Does anyone have any ideas? What could be causing this?
I'm tearing my hair out. Thanks a lot!

Re: Incorrect unwind when throwing exceptions - possible cause?

[Sam Varshavchik]

[-- Attachment #1: Type: text/plain, Size: 646 bytes --]

Juraj Oršulić writes:

> I have a hair-tearing problem with x86_64 gcc 9.3.0 (Ubuntu 20.04),
> -O2 and the following "minimal" example
> (the real minimal example also links in a bunch of 3rd party libraries
> and is a part of a big project, so I can't really provide a minimal example,
> but I slimmed it down to basically this):
>
> class Application() {
> public:
>   Application(int argc, char **argv) {}
>
>   int process() {
>      if (argc > 1)  { throw std::runtime_error("Exception"); }
>
>     // do some processing here
>     return 0;
>   }

This was slimmed down too much. I don't see how this would compile.


[-- Attachment #2: Type: application/pgp-signature, Size: 833 bytes --]

Re: Incorrect unwind when throwing exceptions - possible cause?

[Juraj Oršulić]

Hi Sam, thanks for replying. The example wasn't meant to be compile
(sure, I missed the class closing brace and omitted storing argc).
That's not the point.
To reproduce it I would need to include a bunch of other code from the
codebase and put it inside ::process().
The point is that the mere presence of this code causes it to crash
if I throw right at the beginning -- I don't even execute any of that code.
I'm trying to figure out why the DWARF unwinding code becomes incorrect,
as I described in detail.



Sam Varshavchik wrote:

> This was slimmed down too much. I don't see how this would compile.

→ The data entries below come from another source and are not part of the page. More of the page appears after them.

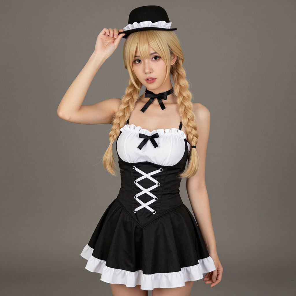 Digital anime-style image of a blonde woman with braids, wearing a black and white maid outfit, bow choker, and small black hat, against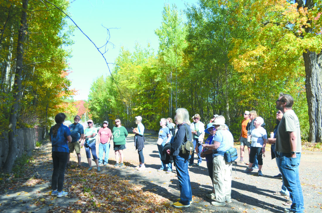 - Michigan State University Forest Extension Forestry and Natural Resources Educator Anna Ellis educates a group of hikers as part of the Extension’s collaborative history hikes with the Marquette Regional History Center. (Journal photo by Abby LaForest)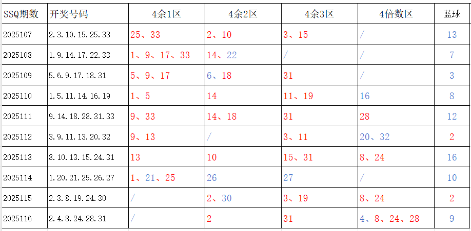 分享第一个数据分析:四分区统计数据。相对于传统的三分区,个人习惯使用四分区,就是把33个红球号码除以4,所得的余数分区如下: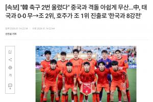 韓媒標題為:韓國足球兩度飲恨 與中國對決遺憾落空(中國0-0戰(zhàn)平泰國獲小組第二 澳大利亞頭名晉級將與韓國會師八強戰(zhàn))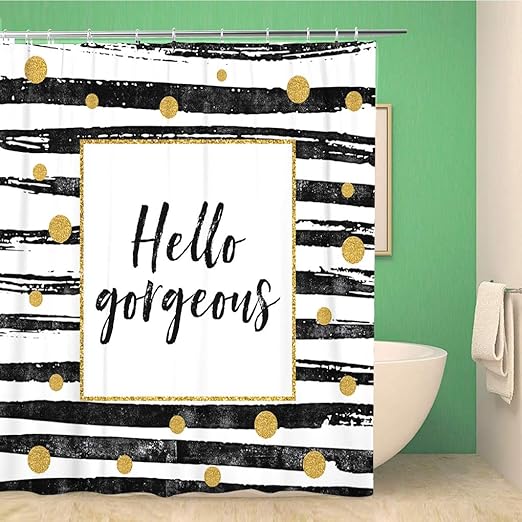 Amazon Com Awowee Bathroom Shower Curtain Gold Hello Gorgeous Motivational Quote Dots And Black Paint 72x72 Inches Waterproof Bath Curtain Set With Hooks Home Kitchen

Re: Incorrect unwind when throwing exceptions - possible cause?

[Juraj Oršulić]

One additional detail: when I build in debug (-O0), it doesn't crash.
In that case, gcc decides to use an unwind table based on offsets
against the cfa instead of against rbp, which works fine:

     >_ULx86_64_fetch_frame: fetch frame ip=0x55555589afb7
cfa=0x7fffffff94d0 format=0
               >run_cfi_program: CFA_def_cfa r7+0x8
               >run_cfi_program: CFA_offset r16 at cfa+0xfffffffffffffff8
               >run_cfi_program: CFA_advance_loc to 0x5555558855b3
               >run_cfi_program: CFA_def_cfa_offset 0x10
               >run_cfi_program: CFA_offset r6 at cfa+0xfffffffffffffff0
               >run_cfi_program: CFA_advance_loc to 0x5555558855b6
               >run_cfi_program: CFA_def_cfa_register r6
               >run_cfi_program: CFA_advance_loc to 0x5555558855e6
               >run_cfi_program: CFA_offset r13 at cfa+0xffffffffffffffe8
               >run_cfi_program: CFA_offset r12 at cfa+0xffffffffffffffe0
               >run_cfi_program: CFA_offset r3 at cfa+0xffffffffffffffd8




On Thu, Feb 3, 2022 at 2:36 AM Juraj Oršulić <juraj.orsulic@fer.hr> wrote:
>
> Hi Sam, thanks for replying. The example wasn't meant to be compile
> (sure, I missed the class closing brace and omitted storing argc).
> That's not the point.
> To reproduce it I would need to include a bunch of other code from the
> codebase and put it inside ::process().
> The point is that the mere presence of this code causes it to crash
> if I throw right at the beginning -- I don't even execute any of that code.
> I'm trying to figure out why the DWARF unwinding code becomes incorrect,
> as I described in detail.
>
>
>
> Sam Varshavchik wrote:
>
> > This was slimmed down too much. I don't see how this would compile.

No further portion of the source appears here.